Rheumatoid Arthritis and Spirochaeta Infection
One of the most interesting and most consistent correlations between seemingly unrelated traditional indications of medicinal plants in numerous human cultures is the correlation between syphilis and rheumatoid arthritis.
For example, in Japanese Kampo medicine, the main indication for Smilax china L. is syphilis. The same is true for its most common formulation “Hachimitaigeho,” which is further used against numerous infectious and inflammatory diseases of the female reproductive system (Otsuka et al., 2016). In addition, in the Chinese “Bencao Gangmu,” the most extensive and famous compendium of classical Chinese drugs, rheumatoid arthritis is mentioned as a secondary indication (Luo, 2003). Its most significant active components are triterpenes like sarsasapogenin (Figure 4).
We find both indications in Western Herbal Medicine, where the Mesoamerican species of the same genus, mainly Smilax aristolochiifolia Mill. (syn. S. medica Schltdl.&Cham.) and Smilax officinalis Kunth are used. In the Eclectic Medicine Tradition of the United States but also in Europe, these species were used as the preferred herbal remedy for syphilis, especially in the chronic stage of the disease, and also highly recommended for the treatment of rheumatic affections (Felter and Lloyd, 1905; Pereira and Brown, 1855). It is interesting to note that the British pharmacognosist Jonathan Pereira, one of the most famous of his time, already theorised a hidden “venereal origin,” i.e., syphilis infection, as a possible cause of rheumatism (Pereira and Brown, 1855) and Felter and Lloyd (Felter and Lloyd, 1905) also mention “gonorrhoeal rheumatism.”

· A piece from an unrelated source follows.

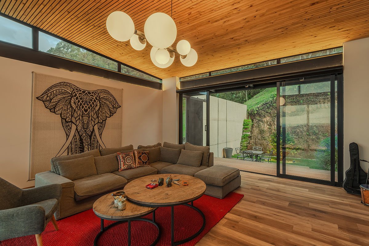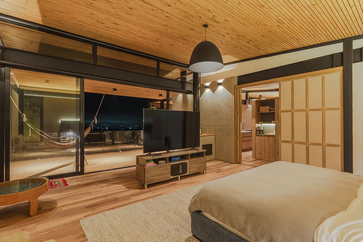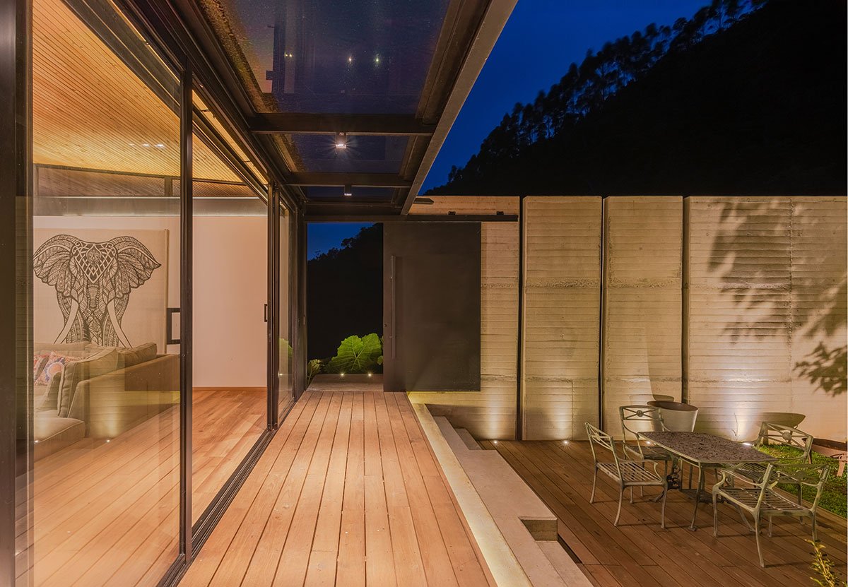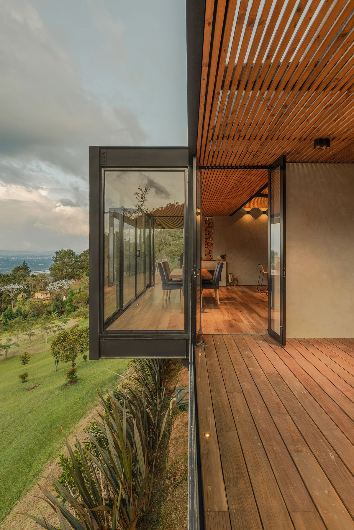 [Text as submitted by architect] Located in the high mountains of Tablacito, an hour from Medellín, in Rionegro, this floating house is set in an environment characterized by its sloping topography and natural landscape, becoming a viewpoint house with views of the San Nicolás valley. The lot has very limited flat land and significant restrictions due to required setbacks, which poses a considerable challenge for the design and construction.

Another medicinal plant that was intensively used against syphilis is the so called “lignum vitae,” the resin or alcoholic extract of the wood of the Caribbean trees Guaiacum officinale L. or Guaiacum sanctum L. After the epidemic spread of syphilis through Europe in the 15th century, these drugs were imported in large quantities and praised for their effectiveness in the treatment - or at least suppression - of the disease. One of the first patient narratives in the history of medicine were the treaties “De morbo Gallico” (1519) by the German knight and scholar Ulrich von Hutten, who suffered from syphilis himself and described his own treatment (von Hutten, 1533). Among the therapies von Hutten described, Guaiacum resin seems to have been the most effective. Soon, the same drug also found use against rheumatoid arthritis and even as late as 1907, the “British pharmaceutical codex” of the Pharmaceutical Society of Great Britain describes an alkaline solution of Guaiacum resin which “use is empirical in chronic rheumatism, rheumatoid arthritis, and syphilis” (Pharmaceutical Society of Great Britain and Council: University College, 1907). Major components of Guaiacum resin are lignans like dehydroguaialignan and furoguajacin (Figure 5).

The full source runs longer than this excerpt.